German government bond yields rose 3 basis points in early trade after consumer prices in France and Spain rose well above expectations in January, but this move was tempered once data for the whole euro zone came out.

Inflation data for the bloc topped expectations at 1.8 percent, in line with the European Central Bank's target of close to but below 2 percent.

But with the data showing a more modest rise in euro zone core inflation, which strips out volatile energy and unprocessed food prices, the sell-off abated. "We did see a bit of a sell-off this morning after the Spanish and French inflation numbers, but the core inflation for the euro zone was in line with expectations and that's the number that (ECB President Mario) Draghi flagged at the last (ECB) meeting," said Mizuho strategist Antoine Bouvet.

Core inflation was stable at 0.9 percent year-on-year in January, according to Eurostat.

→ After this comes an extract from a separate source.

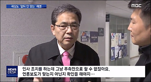 26일 MBC <뉴스데스크> 보도 중 일부다. 최근 검찰 진상조사단의 조사 결과에 의해 당시 청와대 민정 수석실이 국과수 측에 김학의 별장 동영상과 감정결과를 직접 보여달라고 요청한 사실이 드러났다. 청와대가 불법적으로 수사에 개입 혐의에 대한 핵심적인 정황이라 할 수 있다. 이에 대해 곽상도는 MBC에 이렇게 말했다.

The yield on Germany's 10-year government bond , the regional benchmark, was up 1.3 basis points at 0.46 percent by 1315 GMT, off a high of 0.49 percent. French and Dutch equivalents were also slightly higher.

Some analysts have suggested signs of economic recovery, including faster price rises, could make it more likely the ECB will slow or unwind its bond-buying stimulus programme.

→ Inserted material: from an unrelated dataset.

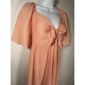 Step out in style with this chic peach midi dress. Featuring a flattering bow detail, it's perfect for any occasion.

Yields on bonds of the lower-rated euro zone countries, whose borrowing costs have fallen as a result of the ECB programme, were flat or lower.

Italy's 10-year government bond yields were flat on the day at 2.3 percent while Portuguese equivalents were down 1.5 bps at 4.23 percent.

Any rise in yields would be tempered by political uncertainty in the United States and Europe, analysts said. Curbs on travel to the United States ordered by President Donald Trump brought home to investors that he is serious about implementing his campaign pledges and led to a sell-off in US stocks on Monday.

"There is a feeling that maybe we have been too exuberant since he was elected, that he may be open to fiscal measures but on the other hand he has the potential to behave erratically," said DZ Bank strategist Christian Lenk.

Upcoming French elections have also been a concern for the market on prospects of far-right leader Marine Le Pen creating an upset similar to the Brexit vote or Trump's election, and pushing for a French exit from the euro zone.

The French economy picked up speed in the final quarter of 2016, after a lacklustre performance in the previous two, thanks to consumer and investment spending.

Greek bond yields spiked on Tuesday after a German Finance Ministry spokesman said further financial assistance for the debt-laden country depended on the successful completion of a review of its bailout programme and the participation of the International Monetary Fund. The yield on 10-year Greek government bonds was up 41 bps at a seven-week high of 8.18 percent.